- [Exercise]
Every record below is to be restated word for word, and no picture is to be copied.

- [Excerpted data]
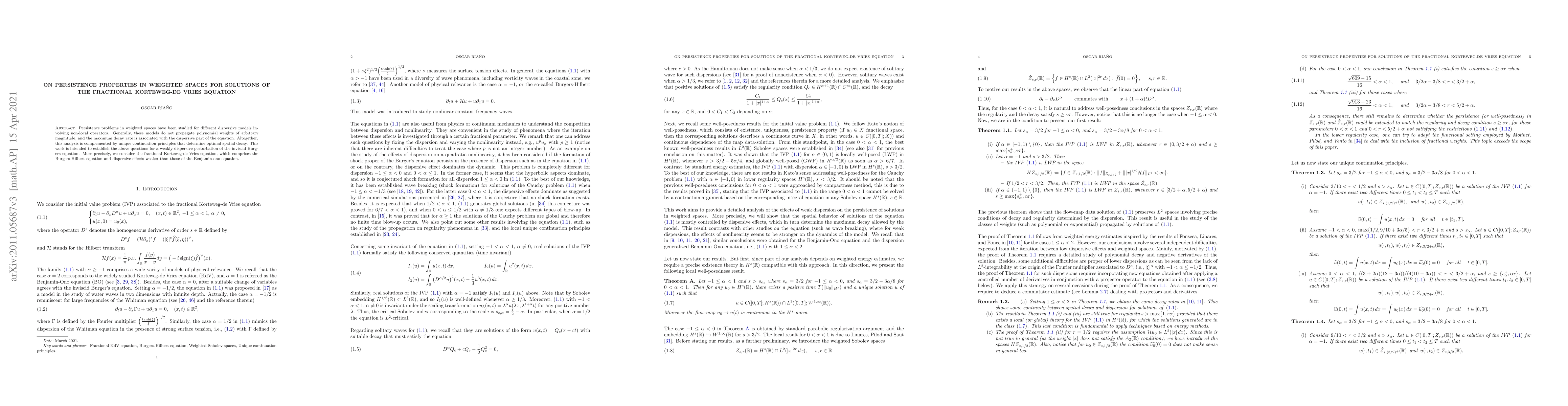 Persistence problems in weighted spaces have been studied for different dispersive models involving non-local operators. Generally, these models do not propagate polynomial weights of arbitrary magnitude, and the maximum decay rate is associated with the dispersive part of the equation. Altogether, this analysis is complemented by unique continuation principles that determine optimal spatial decay. This work is intended to establish the above questions for a weakly dispersive perturbation of the inviscid Burgers equation. More precisely, we consider the fractional Korteweg-de Vries equation, which comprises the Burgers-Hilbert equation and dispersive effects weaker than those of the Benjamin-ono equation.
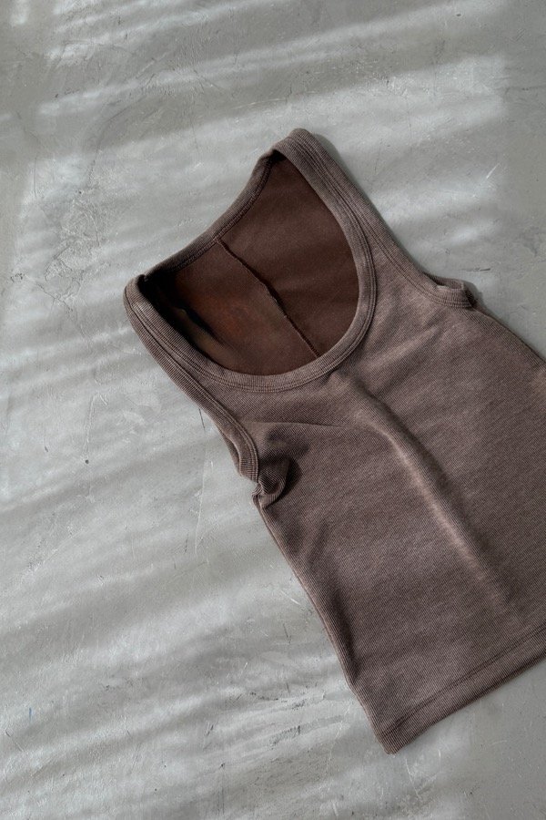 Musculosa cuello redondo, confeccionada en morley efecto gastado. Calidad premium.
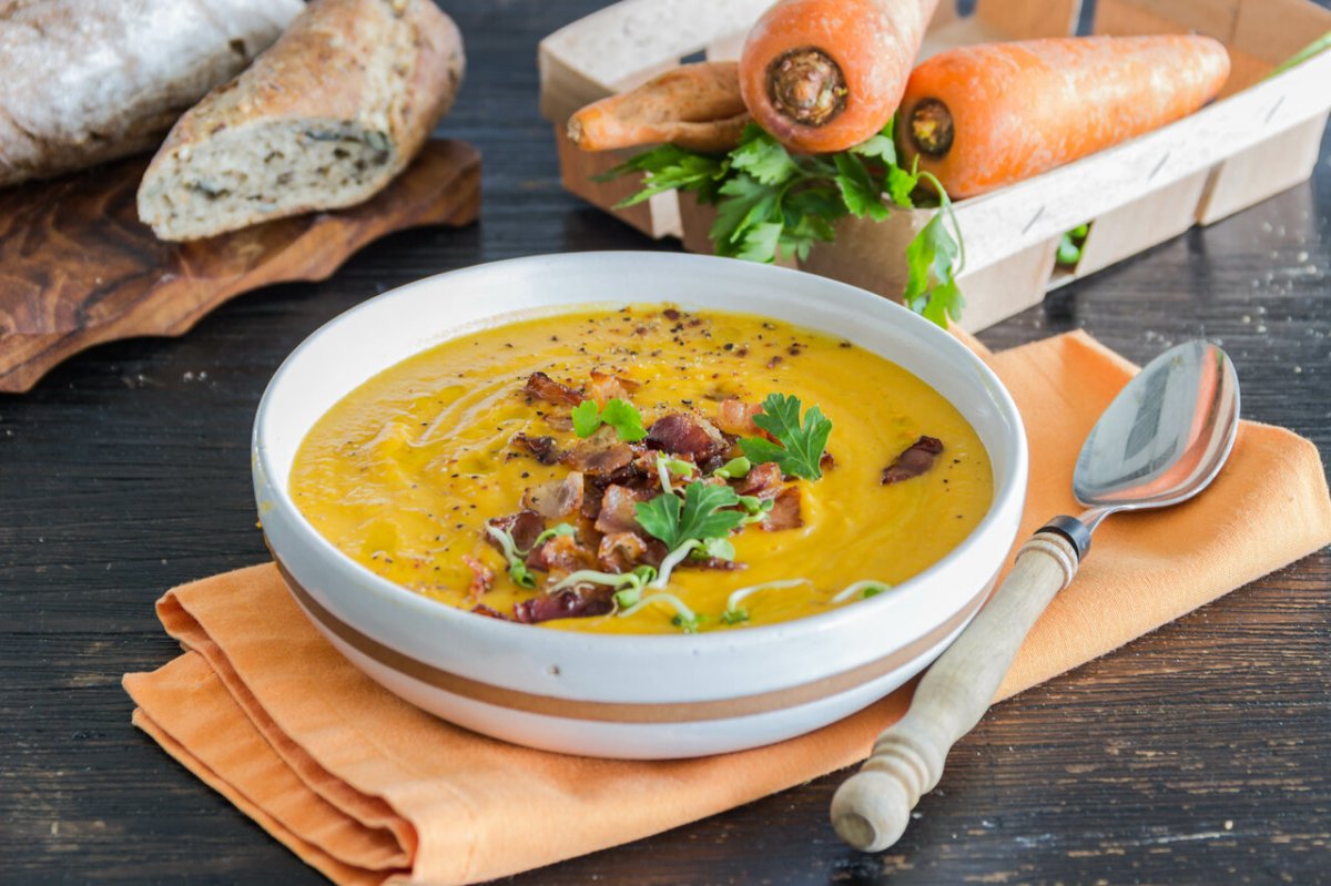 Pokrój boczek na kawałki i ułóż je na blasze wyłożonej papierem do pieczenia. Rozgrzej piekarnik do 200 stopni C. i piecz przez około 15-20 minut lub aż stanie się chrupiący. W międzyczasie obierz dynię, usuń pestki i pokrój na małe kawałki. W dużym garnku rozgrzej masło i dodaj posiekaną cebulę. Smaż na małym ogniu przez kilka minut do zeszklenia. Dodaj posiekany czosnek, marchewkę i ziemniaka. Smaż przez kilka minut, mieszając od czasu do czasu.
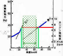 さて、次に変速域のことを考えてみましょう。 上の図は6000rpm、下の図は7000rpmで変速している場合の 回転数と車速の関係です。 よく、「パワーバンド内で変速させる」と言いますが この2つの図を比べてみると低速から高速までの変化で 回転数はどのようになっているかを見てみると 下の図の方が7000rpm付近を使っている速度域が多いのが よくわかると思います。 このマシンの場合、上のセッティングだと7000rpm付近は 70Km/hあたりでやっとパワーバンドに入り、 そのままその回転域を通り過ぎていくことが判ります。 一方下の図では、20Km/hを越えたところから70Km/hまで ずっと7000rpmを保っていることが判ります。 つまり、実際の走行に置いて、変速することによって 広い速度域でパワーバンド内に収まるというわけです。 |
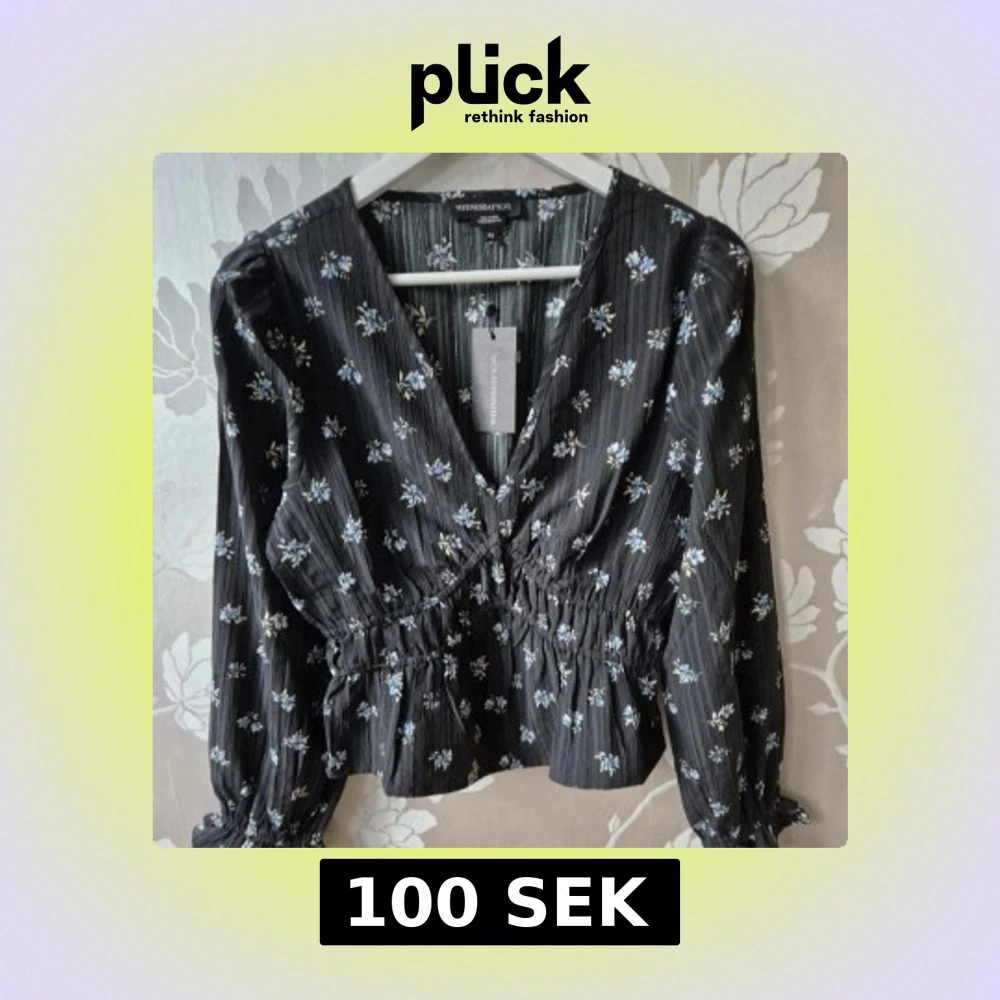 Svart blommig omlottblus från WEDNESDAYSGIRL

- [Answer to the problem]
 Persistence problems in weighted spaces have been studied for different dispersive models involving non-local operators. Generally, these models do not propagate polynomial weights of arbitrary magnitude, and the maximum decay rate is associated with the dispersive part of the equation. Altogether, this analysis is complemented by unique continuation principles that determine optimal spatial decay. This work is intended to establish the above questions for a weakly dispersive perturbation of the inviscid Burgers equation. More precisely, we consider the fractional Korteweg-de Vries equation, which comprises the Burgers-Hilbert equation and dispersive effects weaker than those of the Benjamin-ono equation.
 Musculosa cuello redondo, confeccionada en morley efecto gastado. Calidad premium.
 Pokrój boczek na kawałki i ułóż je na blasze wyłożonej papierem do pieczenia. Rozgrzej piekarnik do 200 stopni C. i piecz przez około 15-20 minut lub aż stanie się chrupiący. W międzyczasie obierz dynię, usuń pestki i pokrój na małe kawałki. W dużym garnku rozgrzej masło i dodaj posiekaną cebulę. Smaż na małym ogniu przez kilka minut do zeszklenia. Dodaj posiekany czosnek, marchewkę i ziemniaka. Smaż przez kilka minut, mieszając od czasu do czasu.
 さて、次に変速域のことを考えてみましょう。 上の図は6000rpm、下の図は7000rpmで変速している場合の 回転数と車速の関係です。 よく、「パワーバンド内で変速させる」と言いますが この2つの図を比べてみると低速から高速までの変化で 回転数はどのようになっているかを見てみると 下の図の方が7000rpm付近を使っている速度域が多いのが よくわかると思います。 このマシンの場合、上のセッティングだと7000rpm付近は 70Km/hあたりでやっとパワーバンドに入り、 そのままその回転域を通り過ぎていくことが判ります。 一方下の図では、20Km/hを越えたところから70Km/hまで ずっと7000rpmを保っていることが判ります。 つまり、実際の走行に置いて、変速することによって 広い速度域でパワーバンド内に収まるというわけです。 |
 Svart blommig omlottblus från WEDNESDAYSGIRL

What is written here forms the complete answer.